Once you find the line with "1 июля 1946" in the listing below, please repeat it and every later line exactly, through the last one, without pictures.

[Provided data — start]

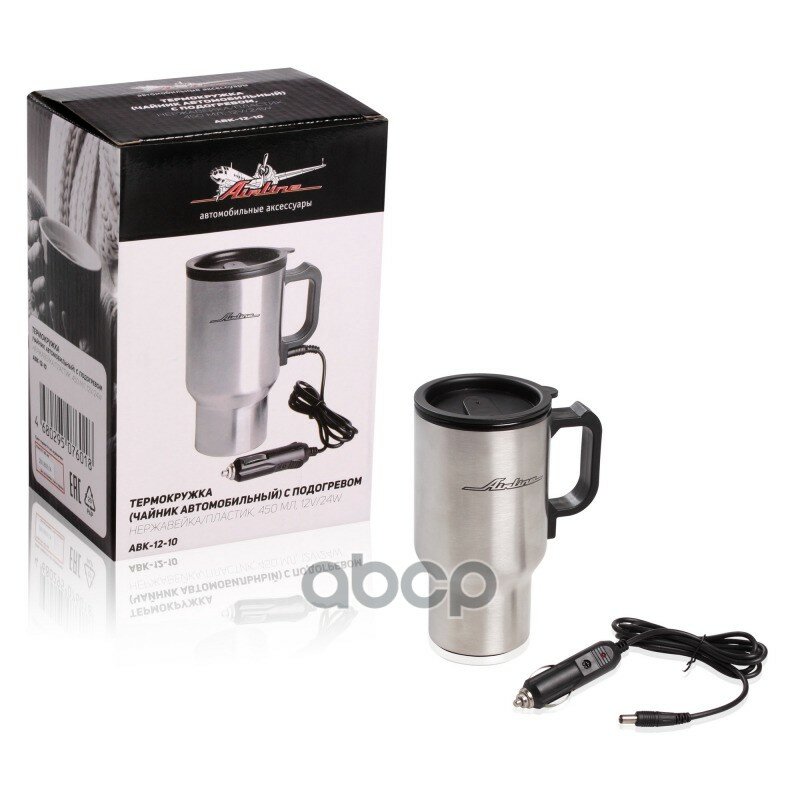 AIRLINE ABK-12-10 Термокружка (чайник автомобильный) с подогревом нержавейка/пластик 450 мл 12V 24W (ABK-12-10 )
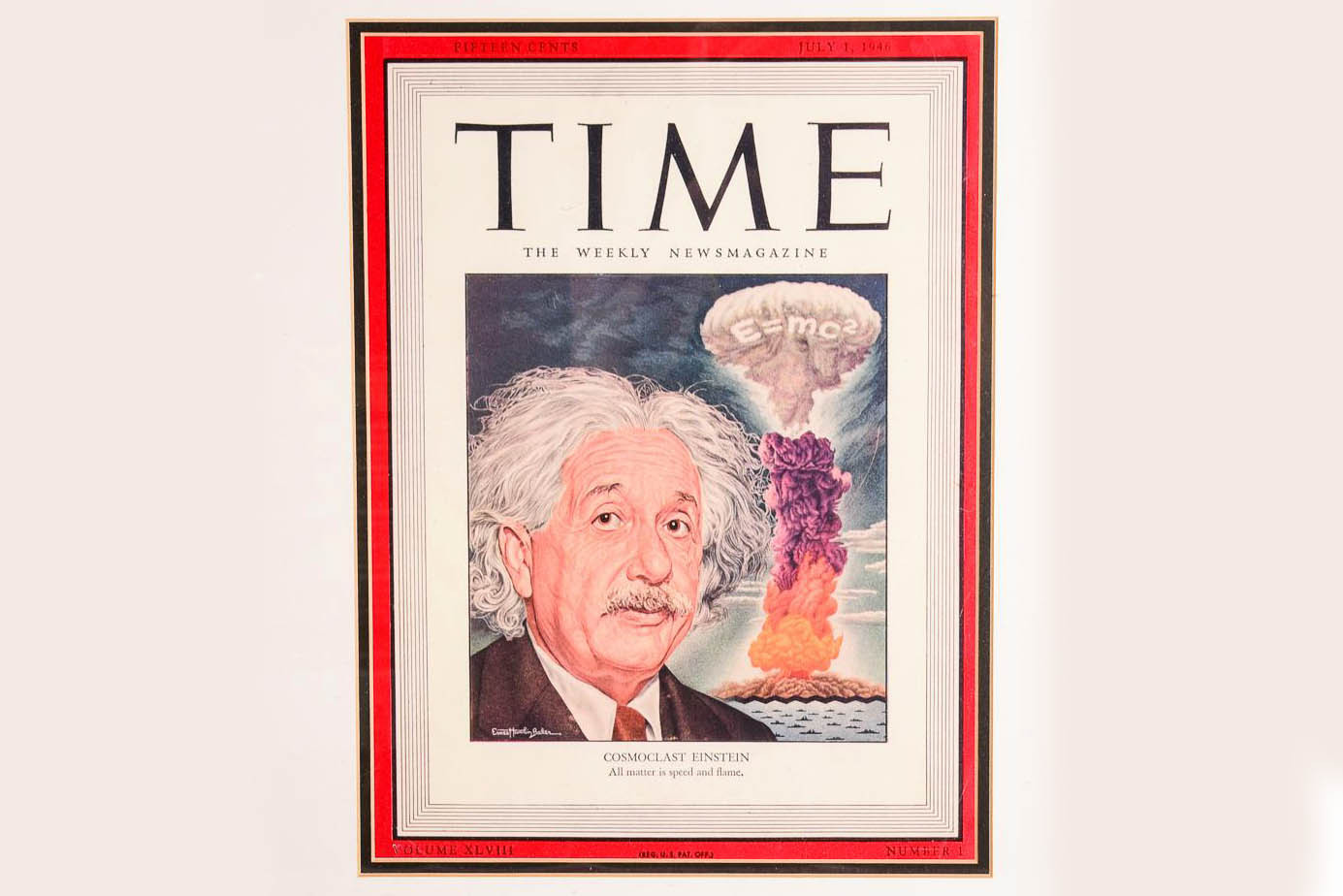 1 июля 1946 года журнал «Тайм» вышел с портретом Альберта Эйнштейна на обложке. За его спиной был изображён атомный «гриб», на фоне которого — его знаменитая формула E=mc². Под портретом красовалась подпись: «Эйнштейн — разрушитель миров». Тем не менее, на страницах журнала уточнялось: Эйнштейн не разрабатывал атомную бомбу непосредственно, хоть и может считаться её отцом по двум причинам: 1) американцы начали работу над ней по его совету; 2) его уравнение E=mc² теоретически обосновало возможность создания атомной бомбы. Согласно же расхожему мнению, Эйнштейн самолично создал атомную бомбу.
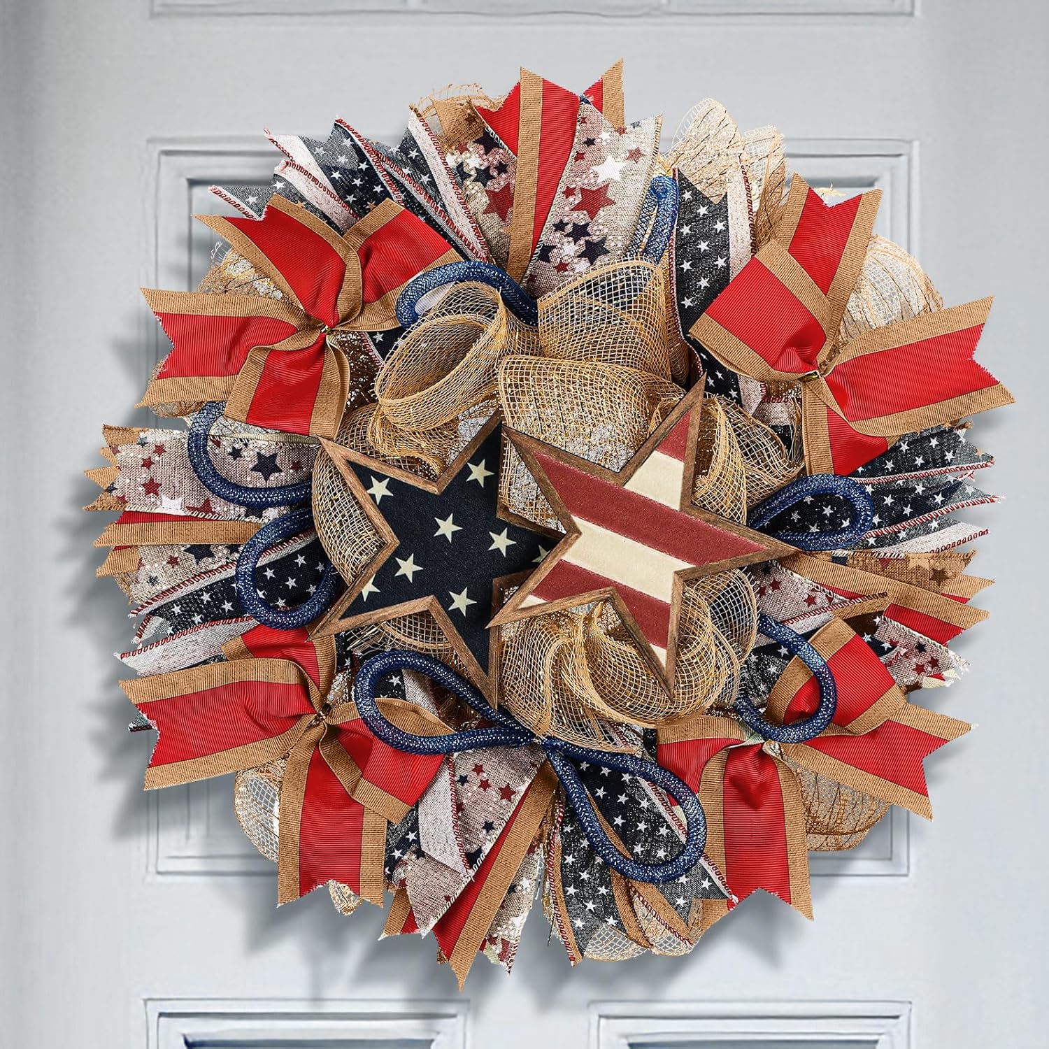 - Star 4th of July Wreath: you'll get a hanging 250th anniversary rustic patriotic wreath with stars centerpiece, red blue and white colors match the stars and are well worked in concert with the traditional American elements, bringing you a strong feeling of 4th of July

[Provided data — finish]

Result below
 1 июля 1946 года журнал «Тайм» вышел с портретом Альберта Эйнштейна на обложке. За его спиной был изображён атомный «гриб», на фоне которого — его знаменитая формула E=mc². Под портретом красовалась подпись: «Эйнштейн — разрушитель миров». Тем не менее, на страницах журнала уточнялось: Эйнштейн не разрабатывал атомную бомбу непосредственно, хоть и может считаться её отцом по двум причинам: 1) американцы начали работу над ней по его совету; 2) его уравнение E=mc² теоретически обосновало возможность создания атомной бомбы. Согласно же расхожему мнению, Эйнштейн самолично создал атомную бомбу.
 - Star 4th of July Wreath: you'll get a hanging 250th anniversary rustic patriotic wreath with stars centerpiece, red blue and white colors match the stars and are well worked in concert with the traditional American elements, bringing you a strong feeling of 4th of July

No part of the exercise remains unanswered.